Although OAI-ORE has made significant conceptual progress since it started in September 2006, important questions remain unanswered. How will the solution deal with versioning? How can the trustworthiness of Resource Maps be assessed? Which kinds of relationship types should OAI-ORE define to support bootstrapping adoption, and which should be left to individual communities? Which technologies should be used to represent Resource Maps, and how does a choice affect potential adoption? Some of these questions will receive at least a preliminary answer by the end of September 2007, which is the deadline that OAI-ORE has set itself for the release of a public alpha specification. Following that release, OAI-ORE will encourage experimentation by various scholarly communities and solicit feedback from potential stakeholders worldwide. The insights gained from those activities will be taken into account for a version 1 specification that is planned for September 2008.
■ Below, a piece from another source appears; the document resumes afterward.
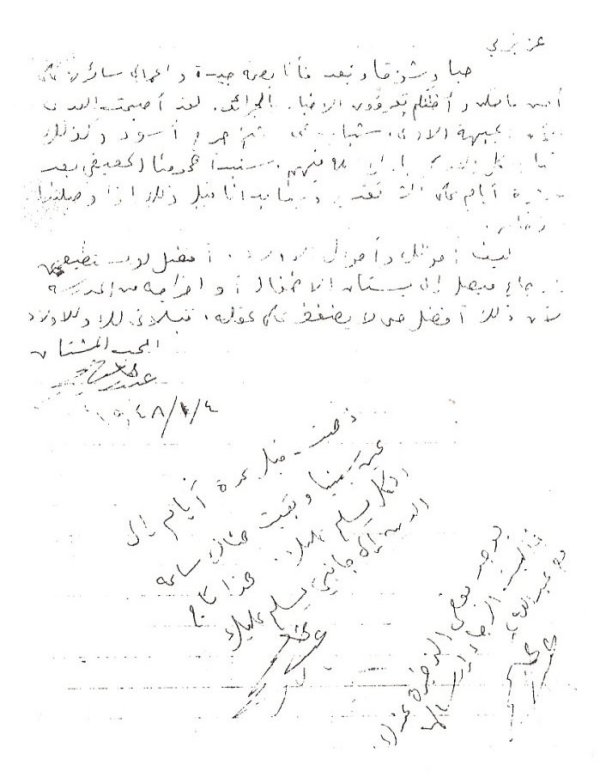 صحتي جيدة، كيف صحتك وصحة الأولاد؟ قبليهم جميعا، وبلغيهم رضائي، المخلص إلى الأبد: عبدالقادر الحسيني».

In the course of May 2007, the Digital Library Research & Prototyping Team of the Los Alamos Laboratory launched an experiment to explore the notion of Resource Map publishing as a means to expose compound object boundary-type information to the web. More particularly, the experiment explored whether an existing web application would be able to take advantage of published Resource Maps, without requiring any modifications to the application itself. The experiment pertained to archiving compound information objects as they evolve over time and the applications that were used were the Internet Archive’s Heritrix toolkit that contains a web crawler and its Wayback Machine user interface.
The experiment’s optimistic scenario assumes that Resource Map publishing has become so commonplace that the Internet Archive starts to actively collect them. The experiment zooms in on two publishers that make Resource Maps discoverable via dedicated Sitemaps. When a Resource Map listed in a SiteMap changes, its associated Sitemap date-time is changed. When a new Resource Map is published, it is added to the SiteMap. The Internet Archive uses these Sitemaps and their contained date-times as a trigger to collect and archive Resource Maps as well as the resources they reference. As a result, the Wayback Machine now allows searching for a specific Resource Map of a specific date and for immediately seeing the version of the resources referenced by that Resource Map as they existed on that same date. Understanding that Resource Maps expose the boundaries of compound objects, the net result is in effect an archive of evolving compound objects, versioned by the date-time of the Resource Map that describes them.